(Items from a dataset)
╭──

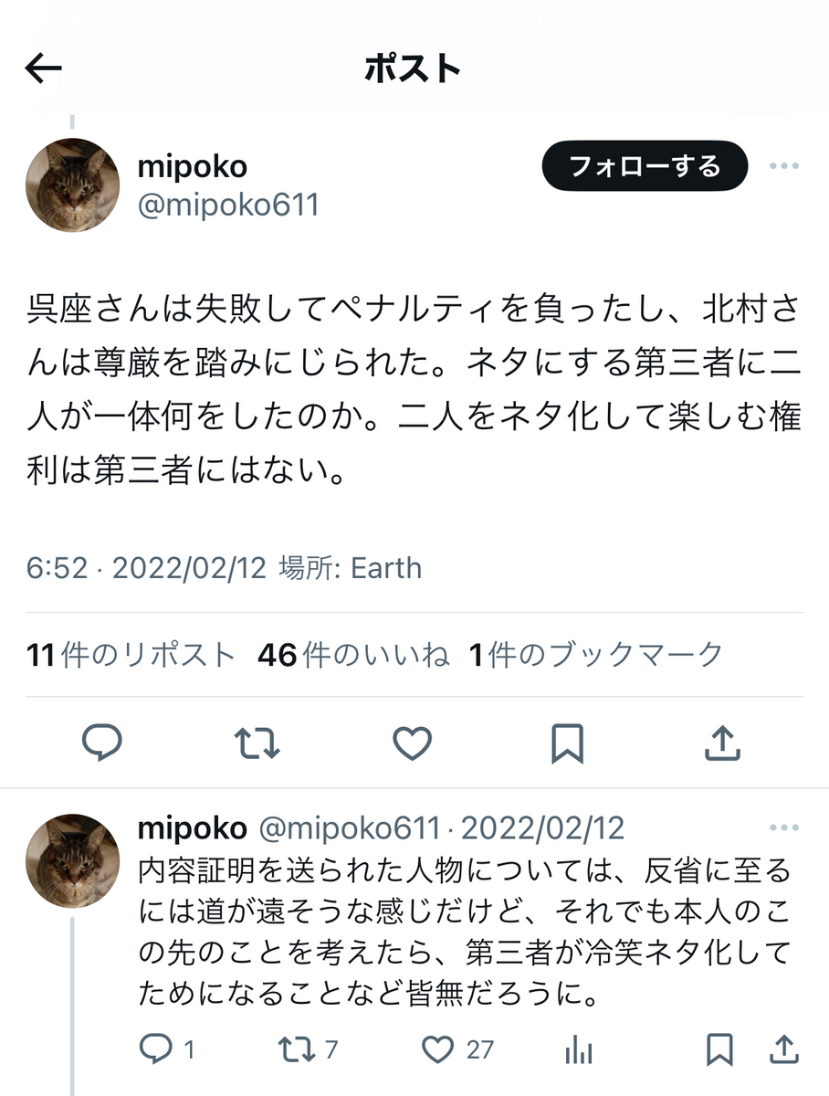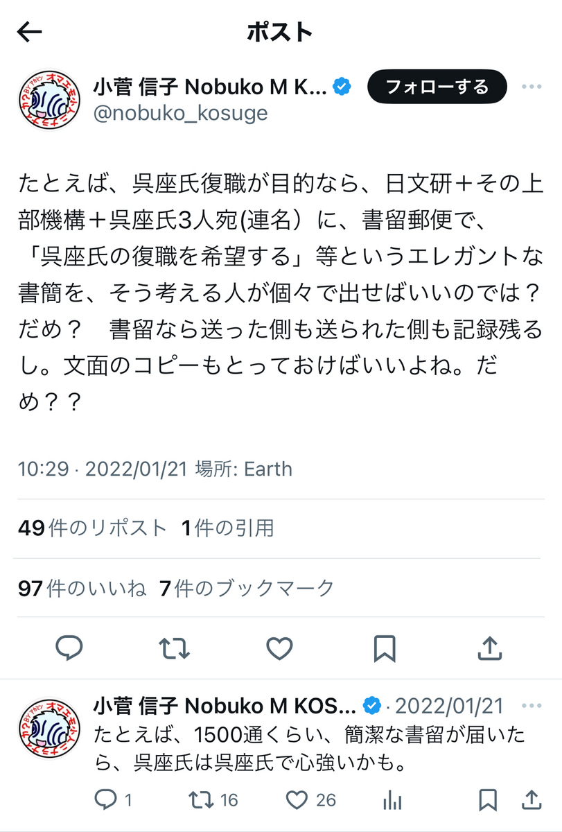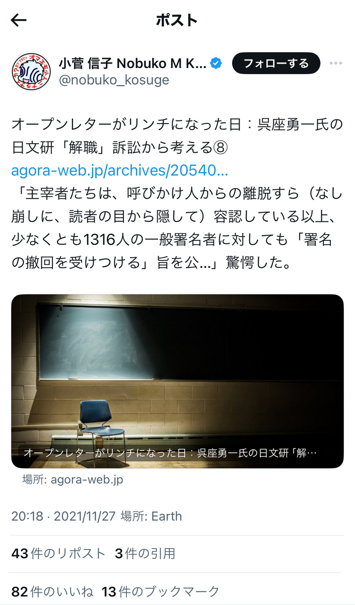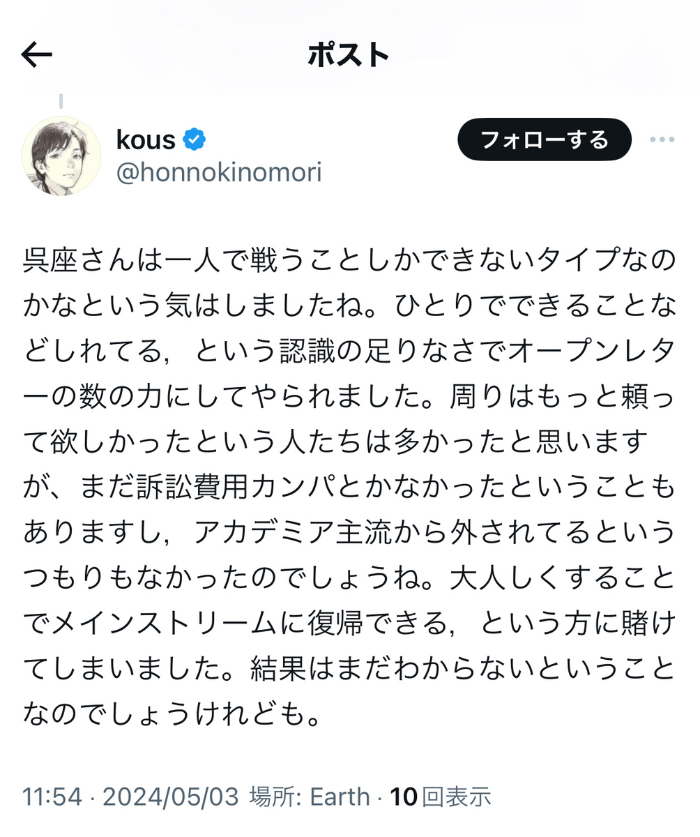 と、呉座勇一氏が起こした労働裁判、オープンレター訴訟がいずれも呉座氏サイドの「実質敗訴」、「実質二連敗」で終結し、「和解条項」にて上記の内容等が法的に確定したことについて、想うところが多々あるようです。
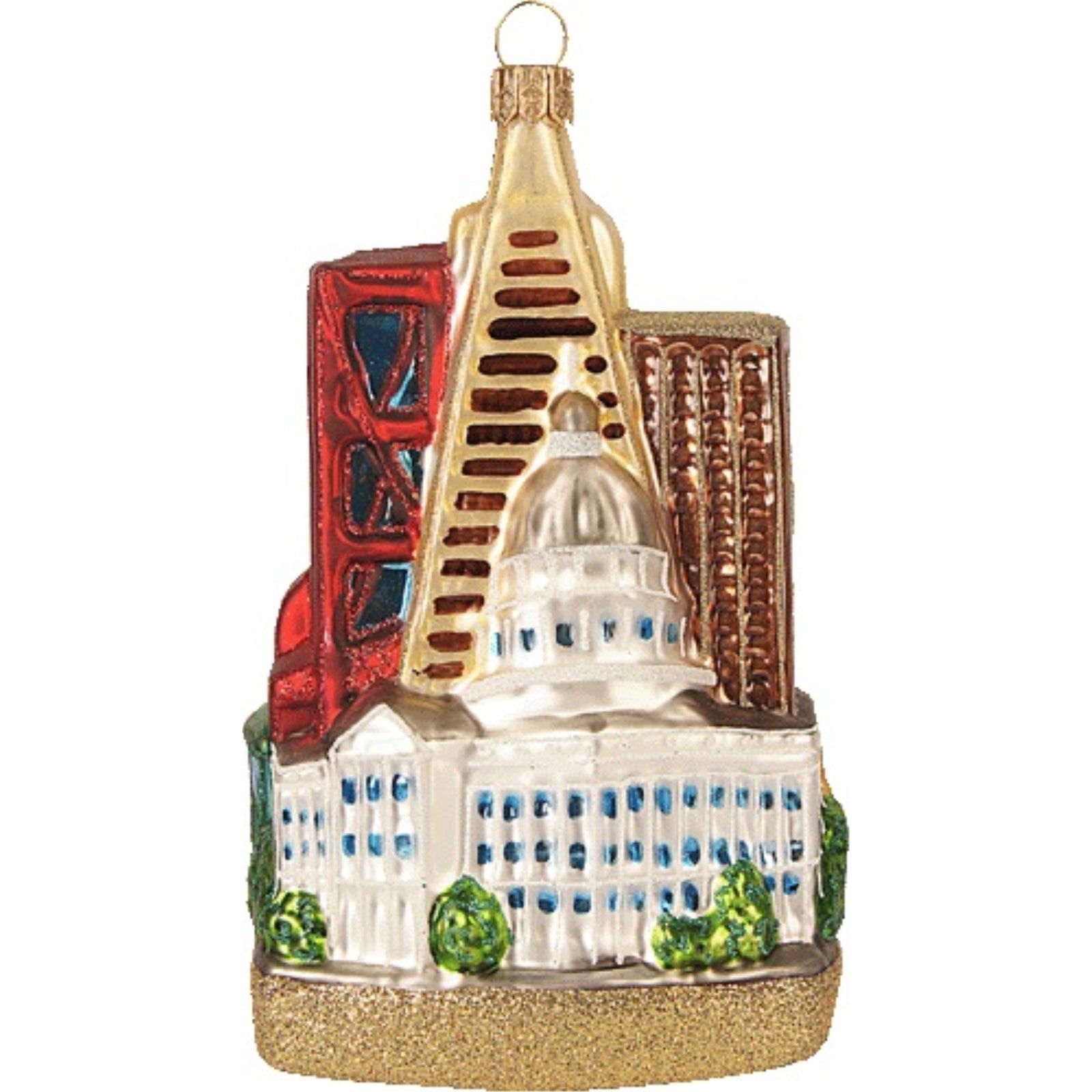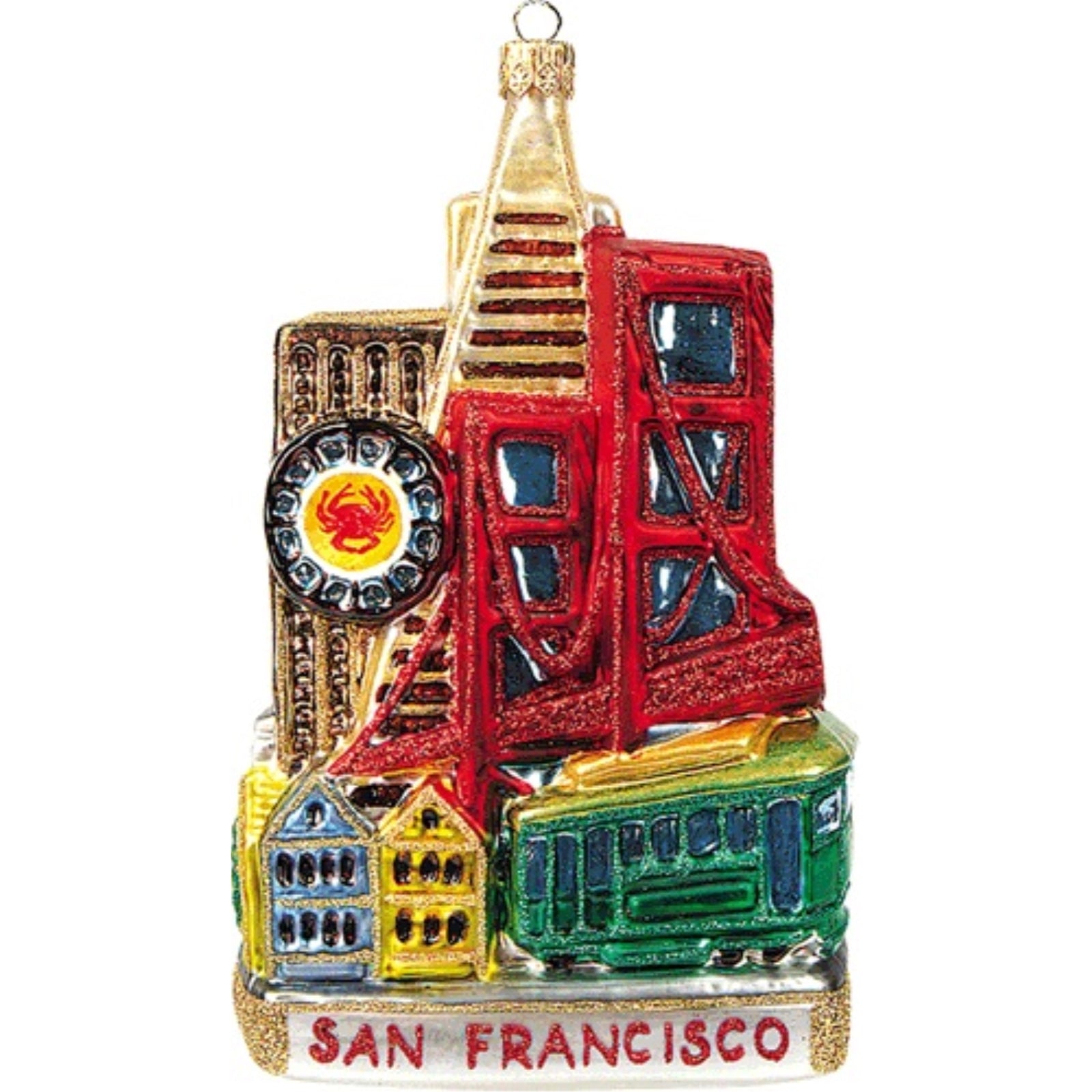 San Francisco Landscape Ornament. Handcrafted in Poland. Hand-painted by Polish artisans. Made from mouth blown glass. Approximately 5 inches tall (13 cm). Includes original Pinnacle Peak Trading box and packaging. Imported by Pinnacle Peak Trading Company.
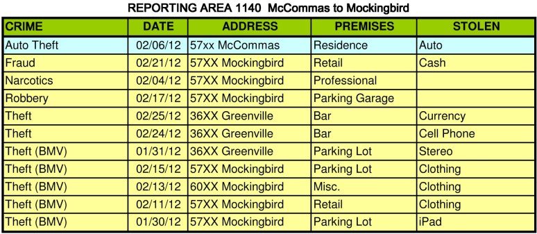 As you know, we were successful in getting Lowest Greenville rezoned to require businesses to get a special use permit to stay open past midnight. The goal was to get rid of the criminal element that several businesses were attracting. One of those, Yucatan – among the worst offenders, filed a lawsuit and received an injunction allowing them to stay open until the case is heard. On Feb 17th, a fight began inside Yucatan. The victims were asked to leave the club. They were then attacked in the parking lot by the same guys inside the club, who then stole their car. Rather than recap the details, I’ll let the police report speak for itself:
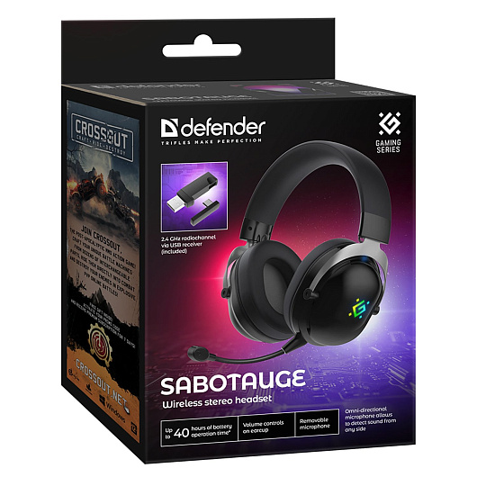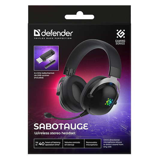 Компьютерная гарнитура Defender Sabotauge (Bluetooth, 2.4G, микрофон с шумоподавлением) (black)
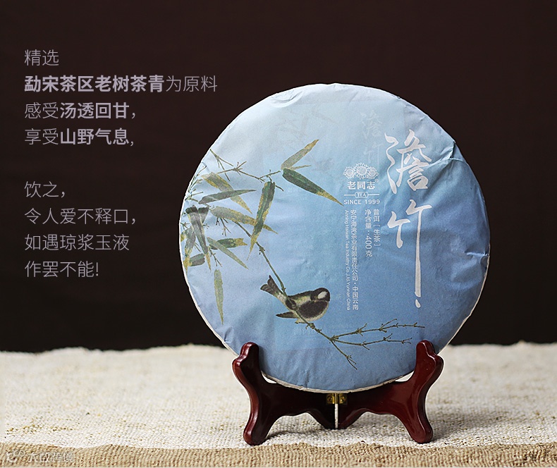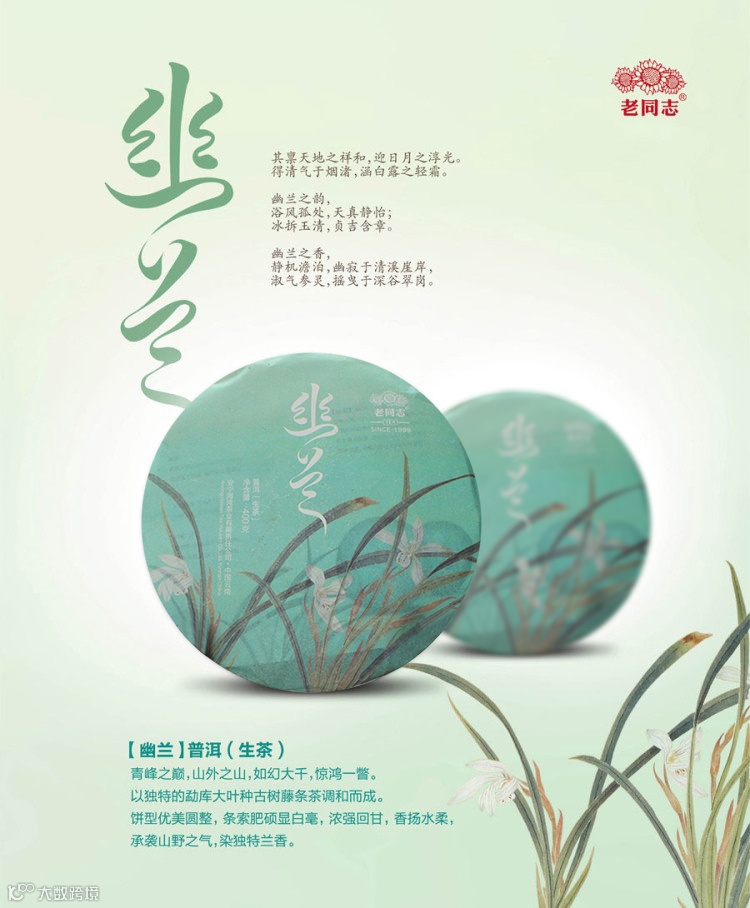 以独特的勐库大叶种古树藤条茶调和而成。饼型俊美圆整,条索肥硕显白毫,浓强回甘,香扬水柔,承袭山野之气,染独特兰香。
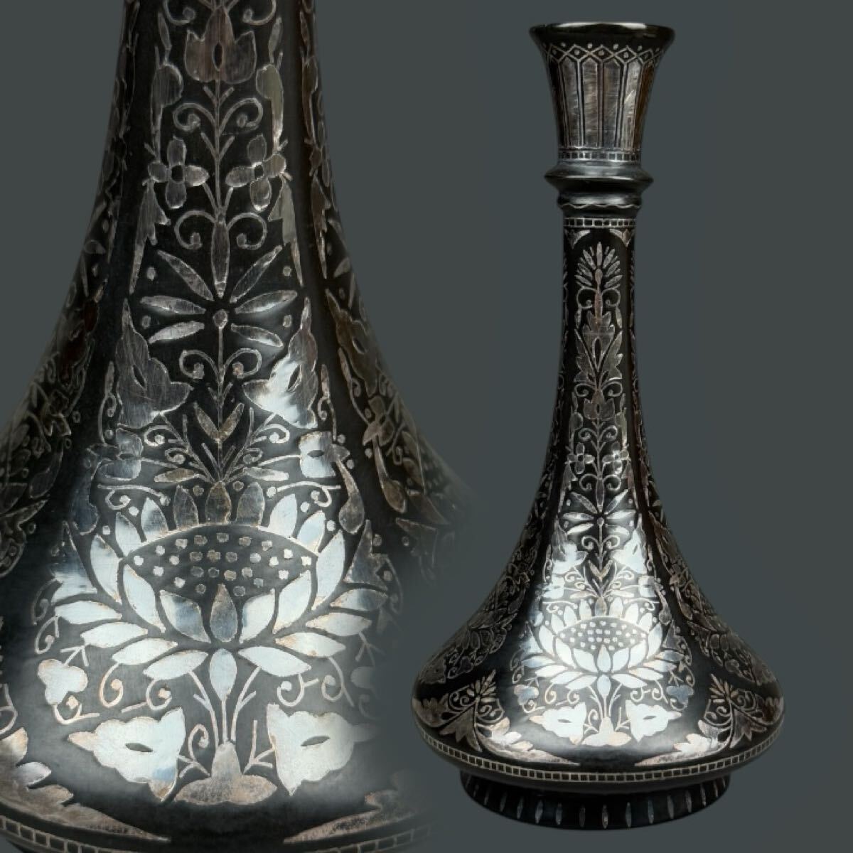 > 朝鮮美術 李朝 銀象嵌 銅花瓶 古銅 花瓶 銅瓶 花器 高さ22㎝ 816g 飾壺 時代品 李王家 銀細工 水瓶 朝鮮唐物骨董 ①
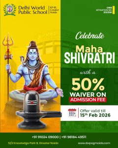 द न्यूज गली, ग्रेटर नोएडा: नॉलेज पार्क तीन स्थित दिल्ली वर्ल्ड पब्लिक स्कूल के द्वारा शिक्षा का उजियारा घर-घर पहुंचाने के लिए लगातार सराहनीय कार्य किया जा रहा है। इसमें एक कदम और आगे बढ़ाते हुए स्कूल प्रबंधन ने बड़ा निर्णय लिया है। जिसके तहत शिवरात्रि के महापर्व पर स्कूल में प्रवेश लेने वाले सभी छात्रों को फीस में 50 प्रतिशत की छूट दी जाएगी। दिल्ली वर्ल्ड पब्लिक स्कूल की निदेशिका कंचन कुमारी ने बताया कि भगवान शिव को ‘आदि योगी’ कहा जाता है, जो हमें जीवन में संतुलन, साधना और समर्पण का मार्ग दिखाते हैं। उनका स्वरूप हमें सिखाता है कि त्याग, तप और सरलता के माध्यम से ही सच्ची सफलता प्राप्त की जा सकती है। महाशिवरात्रि का उपवास, ध्यान और रात्रि जागरण हमें आत्मनियंत्रण और अनुशासन का महत्व समझाता है। इसे ध्यान में रखते हुए शिक्षा को समाज के हर वर्ग तक पहुँचाने के उद्देश्य से दिल्ली वर्ल्ड पब्लिक स्कूल द्वारा महाशिवरात्रि के पावन अवसर पर नए प्रवेश लेने वाले विद्यार्थियों के लिए प्रवेश शुल्क में 50 प्रतिशत की विशेष छूट देने का निर्णय लिया है। यह पहल उन अभिभावकों के लिए एक सुनहरा अवसर है, जो अपने बच्चों को गुणवत्तापूर्ण और संस्कारयुक्त शिक्षा देना चाहते हैं।
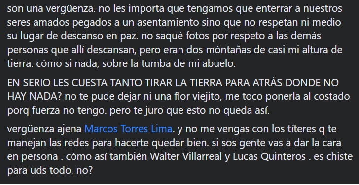 «Son una vergüenza. No les importa que tengamos que enterrar a nuestros seres amados pegados a un asentamiento, sino que no respetan ni medio su lugar de descanso en paz. No saqué fotos por respeto a las demás personas que allí descansan, pero eran dos montañas de mi altura de tierra, cómo si nada, sobre la tumba de mi abuelo.»
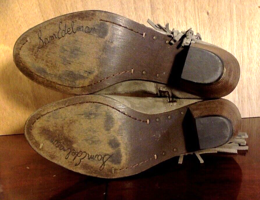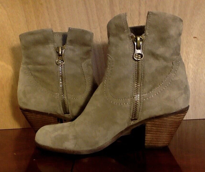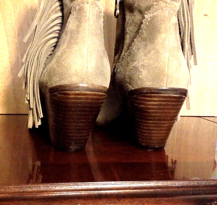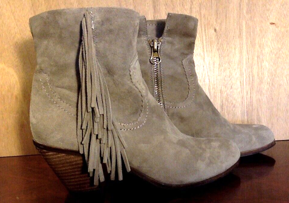 Taupe-grey size USA ladies 8. Very good lightly used condition, see photos. Pretty ankle boots, looks great worn with skirts or blue jeans for western or prairie styles. Ships via USPS priority mail, carefully boxed and insured. Thanks for looking, and enjoy!

╰──

> Exercise instructions
Copy only this from above: the line containing "Компьютерная гарнитура Defender", the line containing "द न्यूज गली, ग्रेटर", and all lines between, printed exactly. Leave out the pictures.

> Response to the task
 Компьютерная гарнитура Defender Sabotauge (Bluetooth, 2.4G, микрофон с шумоподавлением) (black)
 以独特的勐库大叶种古树藤条茶调和而成。饼型俊美圆整,条索肥硕显白毫,浓强回甘,香扬水柔,承袭山野之气,染独特兰香。
 > 朝鮮美術 李朝 銀象嵌 銅花瓶 古銅 花瓶 銅瓶 花器 高さ22㎝ 816g 飾壺 時代品 李王家 銀細工 水瓶 朝鮮唐物骨董 ①
 द न्यूज गली, ग्रेटर नोएडा: नॉलेज पार्क तीन स्थित दिल्ली वर्ल्ड पब्लिक स्कूल के द्वारा शिक्षा का उजियारा घर-घर पहुंचाने के लिए लगातार सराहनीय कार्य किया जा रहा है। इसमें एक कदम और आगे बढ़ाते हुए स्कूल प्रबंधन ने बड़ा निर्णय लिया है। जिसके तहत शिवरात्रि के महापर्व पर स्कूल में प्रवेश लेने वाले सभी छात्रों को फीस में 50 प्रतिशत की छूट दी जाएगी। दिल्ली वर्ल्ड पब्लिक स्कूल की निदेशिका कंचन कुमारी ने बताया कि भगवान शिव को ‘आदि योगी’ कहा जाता है, जो हमें जीवन में संतुलन, साधना और समर्पण का मार्ग दिखाते हैं। उनका स्वरूप हमें सिखाता है कि त्याग, तप और सरलता के माध्यम से ही सच्ची सफलता प्राप्त की जा सकती है। महाशिवरात्रि का उपवास, ध्यान और रात्रि जागरण हमें आत्मनियंत्रण और अनुशासन का महत्व समझाता है। इसे ध्यान में रखते हुए शिक्षा को समाज के हर वर्ग तक पहुँचाने के उद्देश्य से दिल्ली वर्ल्ड पब्लिक स्कूल द्वारा महाशिवरात्रि के पावन अवसर पर नए प्रवेश लेने वाले विद्यार्थियों के लिए प्रवेश शुल्क में 50 प्रतिशत की विशेष छूट देने का निर्णय लिया है। यह पहल उन अभिभावकों के लिए एक सुनहरा अवसर है, जो अपने बच्चों को गुणवत्तापूर्ण और संस्कारयुक्त शिक्षा देना चाहते हैं।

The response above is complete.